● DATASET CONTENT
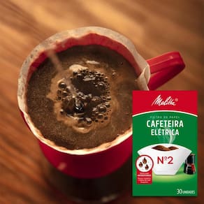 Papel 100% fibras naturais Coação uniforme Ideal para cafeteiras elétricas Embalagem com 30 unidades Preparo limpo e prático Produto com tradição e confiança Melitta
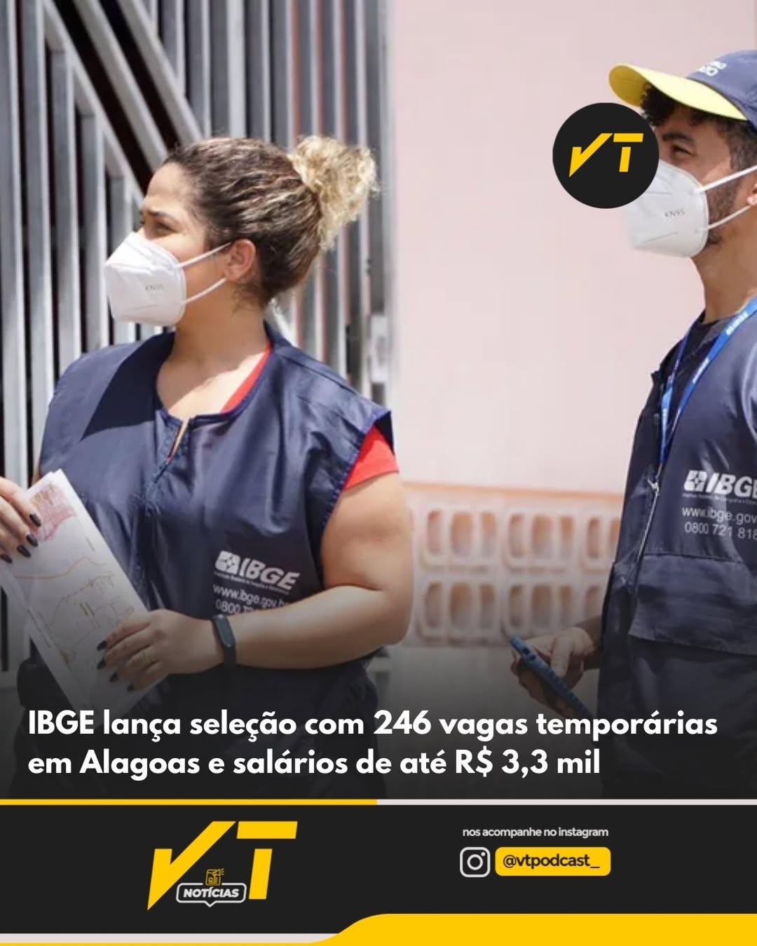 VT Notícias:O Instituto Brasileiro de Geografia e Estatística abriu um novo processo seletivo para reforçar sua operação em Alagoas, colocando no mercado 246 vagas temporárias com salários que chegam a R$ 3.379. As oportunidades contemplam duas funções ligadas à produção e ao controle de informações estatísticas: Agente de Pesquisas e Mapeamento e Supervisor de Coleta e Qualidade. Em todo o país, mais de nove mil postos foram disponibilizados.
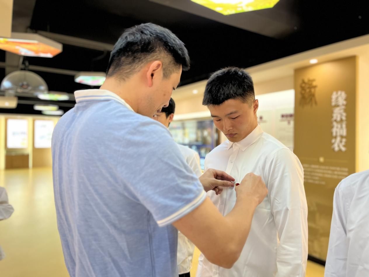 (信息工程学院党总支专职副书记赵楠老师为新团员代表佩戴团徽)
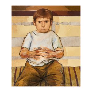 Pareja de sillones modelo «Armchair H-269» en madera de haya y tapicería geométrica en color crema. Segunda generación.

● EXERCISE DETAILS
All of the material above should be set down again exactly, though not its pictures.

● FINISHED EXERCISE
 Papel 100% fibras naturais Coação uniforme Ideal para cafeteiras elétricas Embalagem com 30 unidades Preparo limpo e prático Produto com tradição e confiança Melitta
 VT Notícias:O Instituto Brasileiro de Geografia e Estatística abriu um novo processo seletivo para reforçar sua operação em Alagoas, colocando no mercado 246 vagas temporárias com salários que chegam a R$ 3.379. As oportunidades contemplam duas funções ligadas à produção e ao controle de informações estatísticas: Agente de Pesquisas e Mapeamento e Supervisor de Coleta e Qualidade. Em todo o país, mais de nove mil postos foram disponibilizados.
 (信息工程学院党总支专职副书记赵楠老师为新团员代表佩戴团徽)
 Pareja de sillones modelo «Armchair H-269» en madera de haya y tapicería geométrica en color crema. Segunda generación.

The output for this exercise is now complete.